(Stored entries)
***
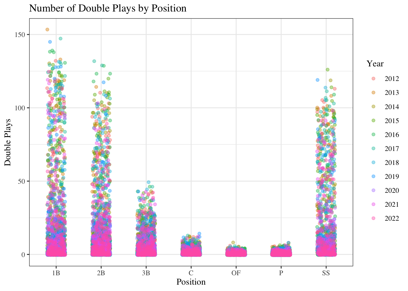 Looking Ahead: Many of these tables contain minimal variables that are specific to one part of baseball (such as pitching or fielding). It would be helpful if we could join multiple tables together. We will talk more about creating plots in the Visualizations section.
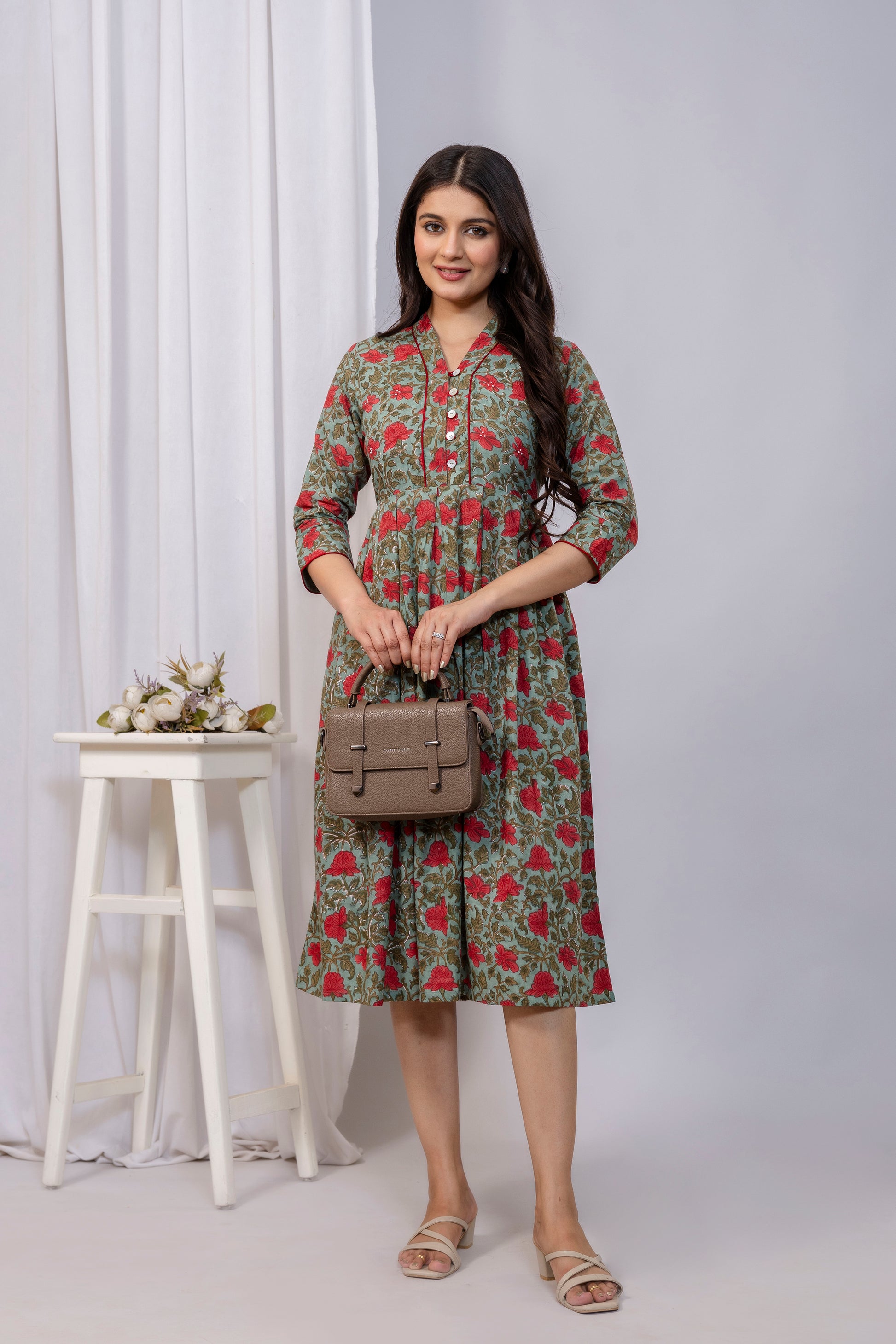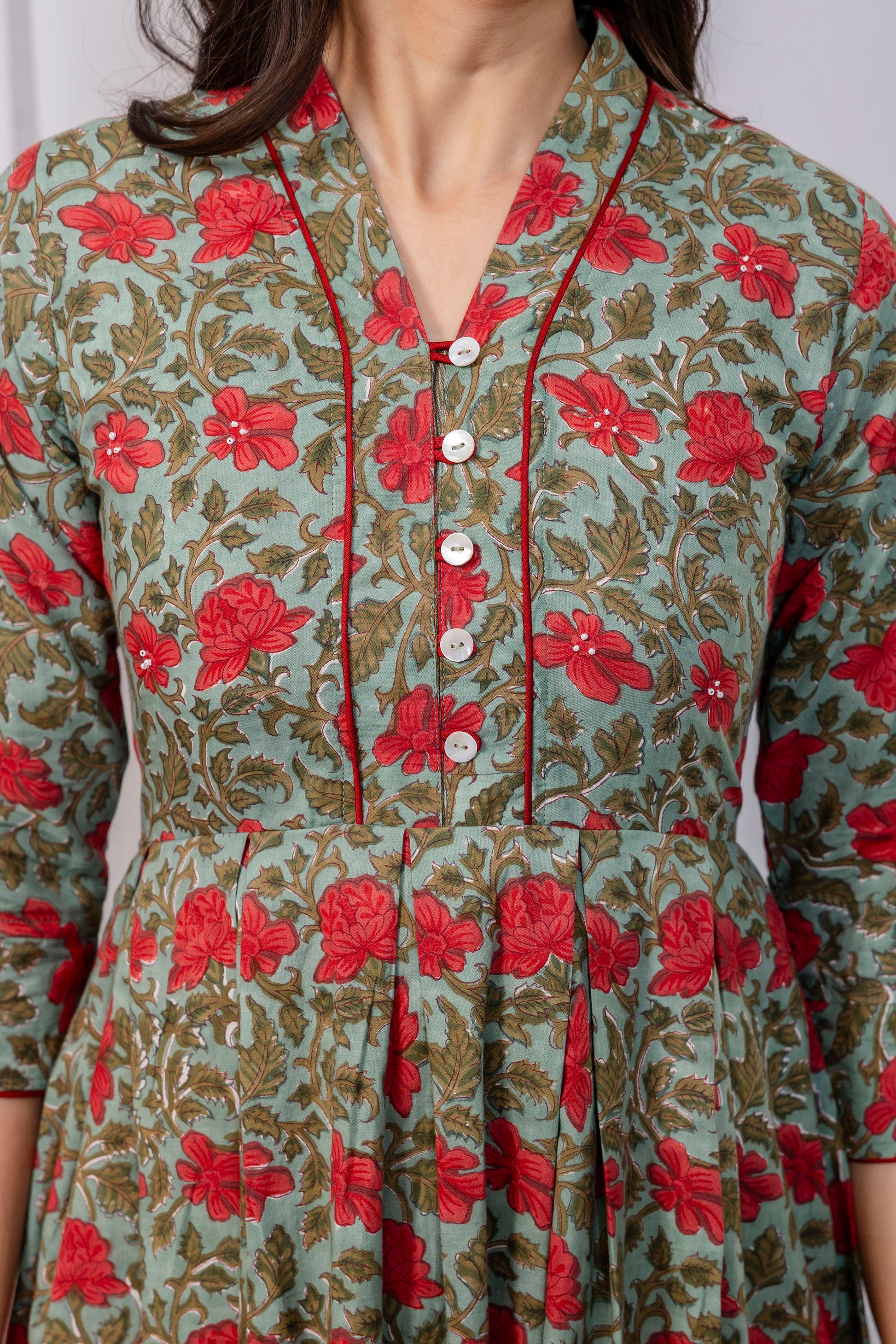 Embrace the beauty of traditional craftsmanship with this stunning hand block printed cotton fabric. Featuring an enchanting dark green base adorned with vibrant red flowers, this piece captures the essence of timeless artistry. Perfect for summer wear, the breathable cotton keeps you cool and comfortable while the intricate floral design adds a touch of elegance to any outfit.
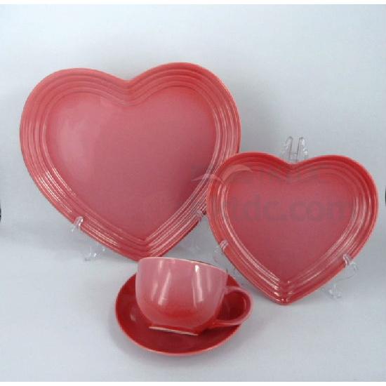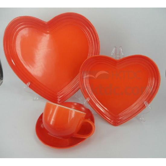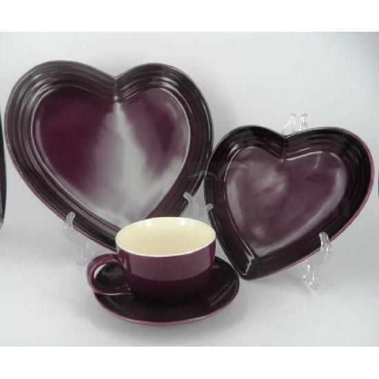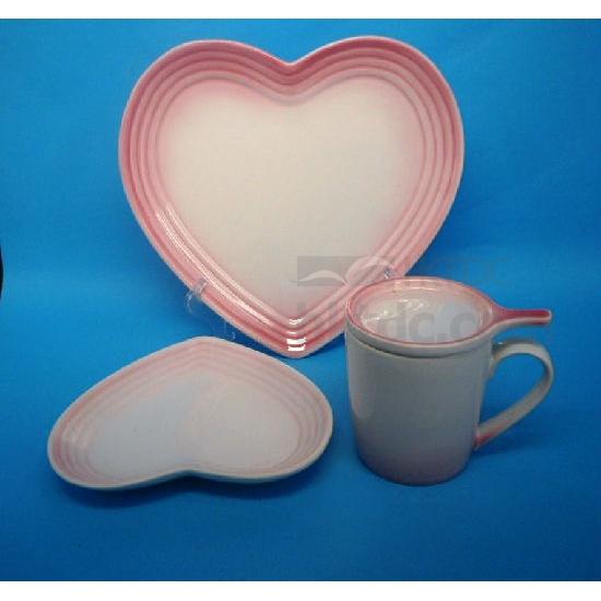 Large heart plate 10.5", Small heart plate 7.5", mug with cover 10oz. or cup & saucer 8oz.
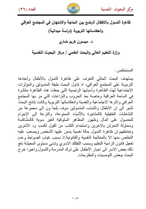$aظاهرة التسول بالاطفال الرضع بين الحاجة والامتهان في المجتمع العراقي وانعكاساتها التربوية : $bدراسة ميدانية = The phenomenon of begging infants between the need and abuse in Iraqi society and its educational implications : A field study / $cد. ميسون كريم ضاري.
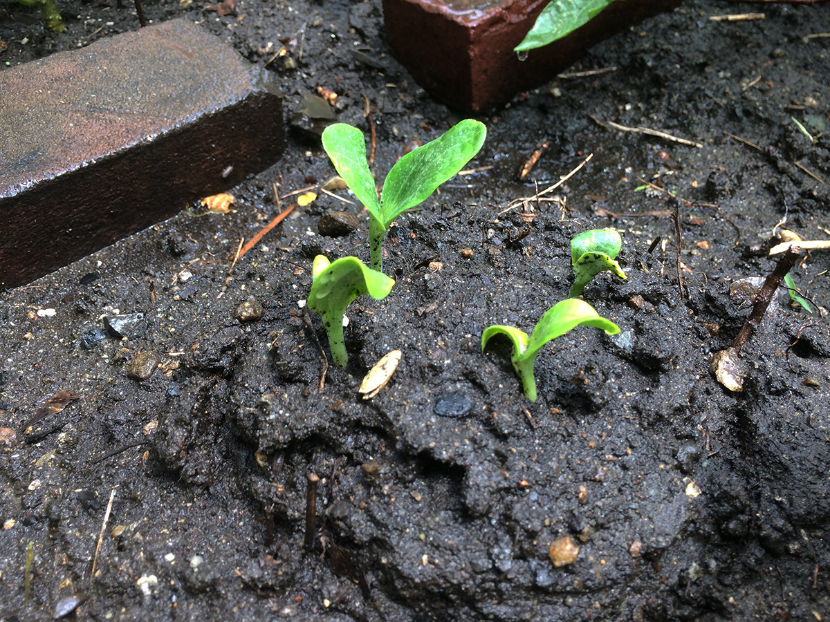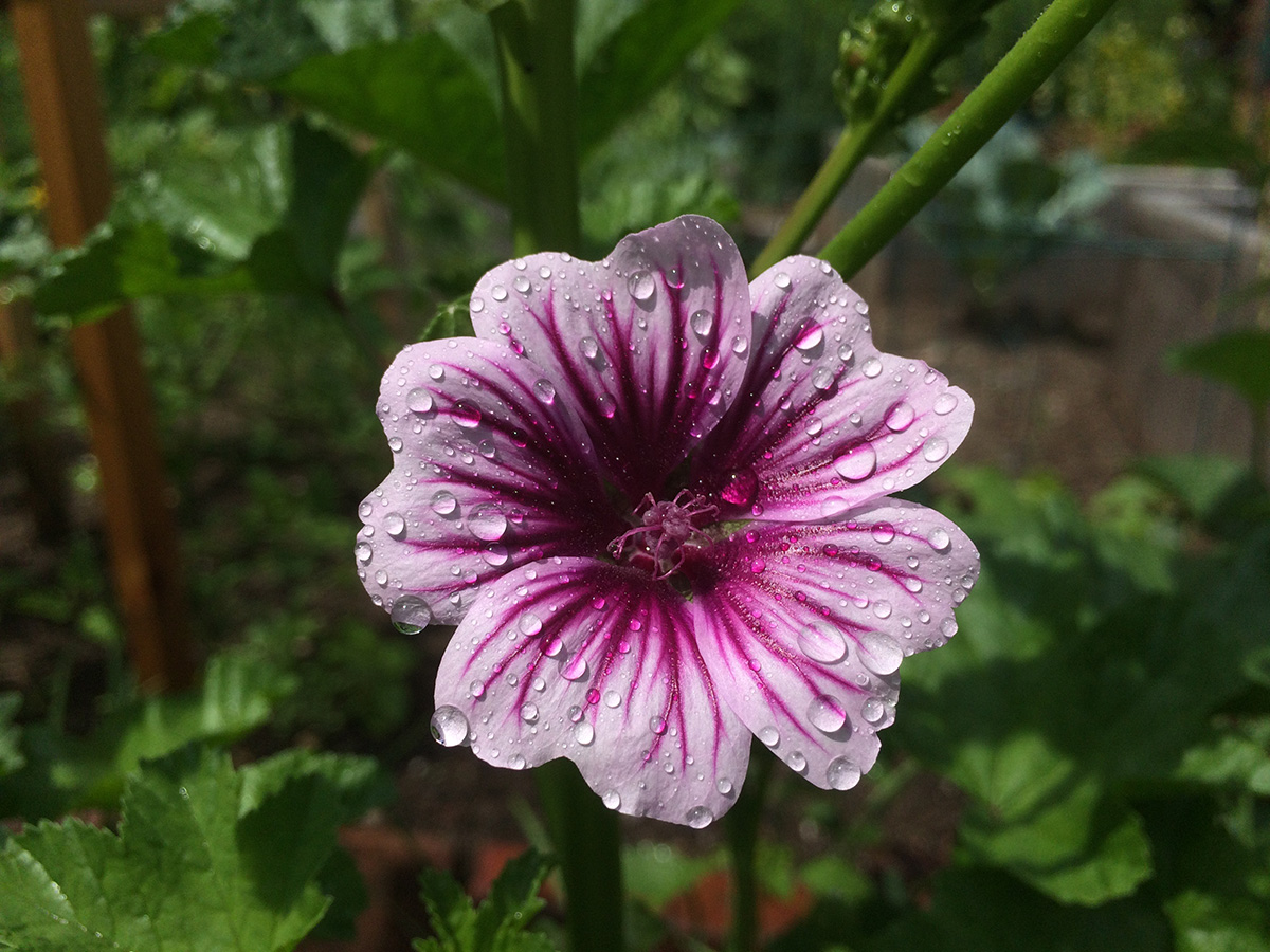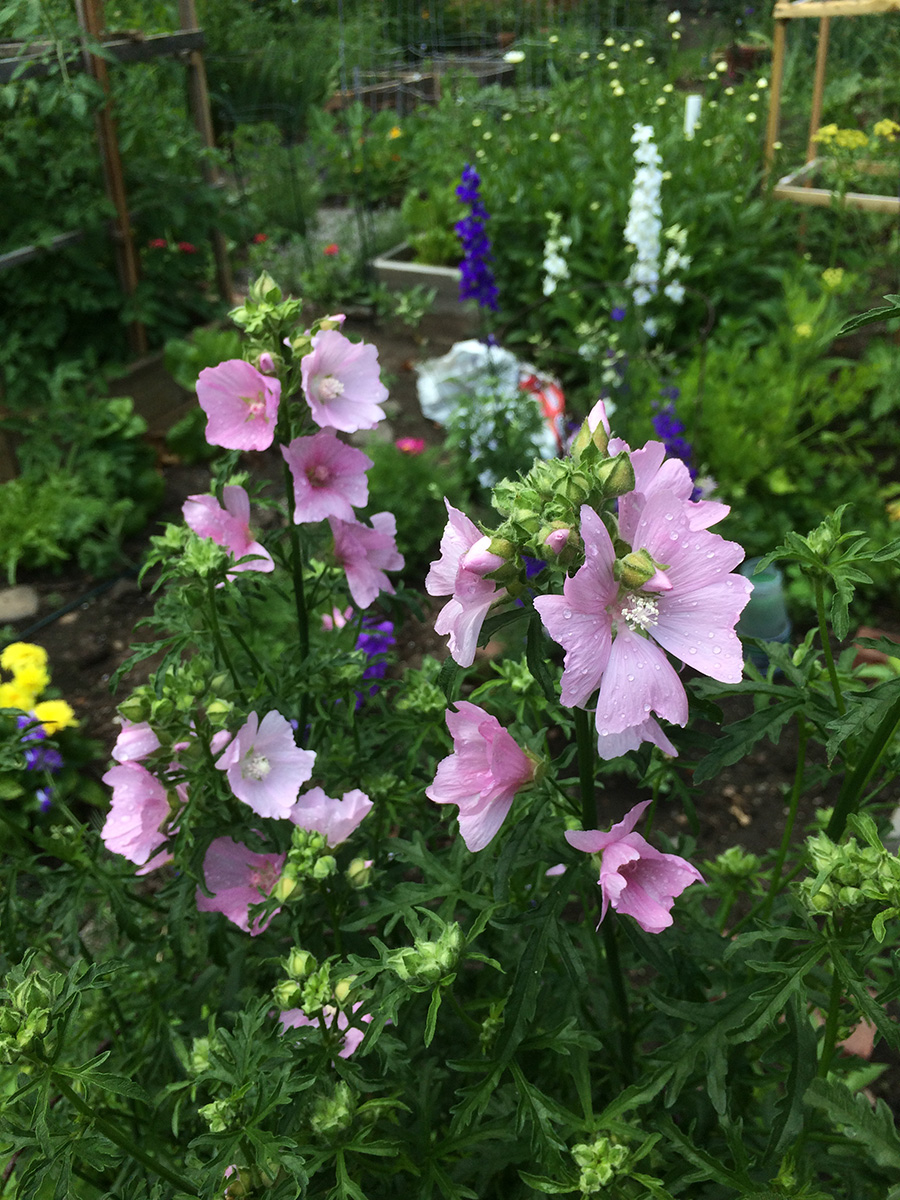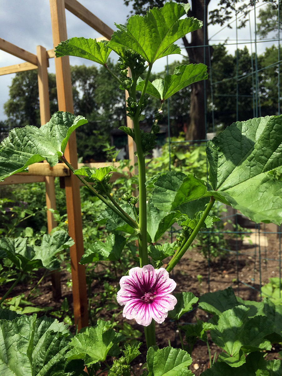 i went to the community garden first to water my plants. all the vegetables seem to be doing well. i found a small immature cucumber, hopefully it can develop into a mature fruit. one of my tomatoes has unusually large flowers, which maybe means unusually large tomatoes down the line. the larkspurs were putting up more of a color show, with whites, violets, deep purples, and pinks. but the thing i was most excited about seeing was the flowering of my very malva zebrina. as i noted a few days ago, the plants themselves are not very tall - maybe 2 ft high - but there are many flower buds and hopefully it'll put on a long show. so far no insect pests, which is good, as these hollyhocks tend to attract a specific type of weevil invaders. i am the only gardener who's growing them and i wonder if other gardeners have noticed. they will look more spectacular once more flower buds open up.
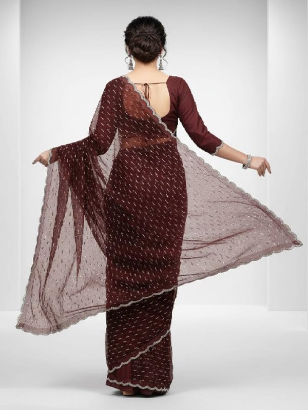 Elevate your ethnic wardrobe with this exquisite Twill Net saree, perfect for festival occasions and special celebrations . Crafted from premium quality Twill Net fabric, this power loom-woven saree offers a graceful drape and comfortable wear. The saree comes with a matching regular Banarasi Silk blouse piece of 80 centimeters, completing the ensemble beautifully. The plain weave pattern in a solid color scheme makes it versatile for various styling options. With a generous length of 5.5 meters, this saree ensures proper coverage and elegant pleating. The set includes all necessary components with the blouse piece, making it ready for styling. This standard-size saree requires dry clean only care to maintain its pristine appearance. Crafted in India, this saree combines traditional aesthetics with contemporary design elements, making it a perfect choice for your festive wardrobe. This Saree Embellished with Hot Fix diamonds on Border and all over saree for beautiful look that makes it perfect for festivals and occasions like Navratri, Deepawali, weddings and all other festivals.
***
**Work item:** Your answer must be the exact lines from the start of the data through the line with "i went to the", inclusive, and nothing else; pictures do not belong in it.

**Finished exercise:**
 Looking Ahead: Many of these tables contain minimal variables that are specific to one part of baseball (such as pitching or fielding). It would be helpful if we could join multiple tables together. We will talk more about creating plots in the Visualizations section.
 Embrace the beauty of traditional craftsmanship with this stunning hand block printed cotton fabric. Featuring an enchanting dark green base adorned with vibrant red flowers, this piece captures the essence of timeless artistry. Perfect for summer wear, the breathable cotton keeps you cool and comfortable while the intricate floral design adds a touch of elegance to any outfit.
 Large heart plate 10.5", Small heart plate 7.5", mug with cover 10oz. or cup & saucer 8oz.
$aظاهرة التسول بالاطفال الرضع بين الحاجة والامتهان في المجتمع العراقي وانعكاساتها التربوية : $bدراسة ميدانية = The phenomenon of begging infants between the need and abuse in Iraqi society and its educational implications : A field study / $cد. ميسون كريم ضاري.
 i went to the community garden first to water my plants. all the vegetables seem to be doing well. i found a small immature cucumber, hopefully it can develop into a mature fruit. one of my tomatoes has unusually large flowers, which maybe means unusually large tomatoes down the line. the larkspurs were putting up more of a color show, with whites, violets, deep purples, and pinks. but the thing i was most excited about seeing was the flowering of my very malva zebrina. as i noted a few days ago, the plants themselves are not very tall - maybe 2 ft high - but there are many flower buds and hopefully it'll put on a long show. so far no insect pests, which is good, as these hollyhocks tend to attract a specific type of weevil invaders. i am the only gardener who's growing them and i wonder if other gardeners have noticed. they will look more spectacular once more flower buds open up.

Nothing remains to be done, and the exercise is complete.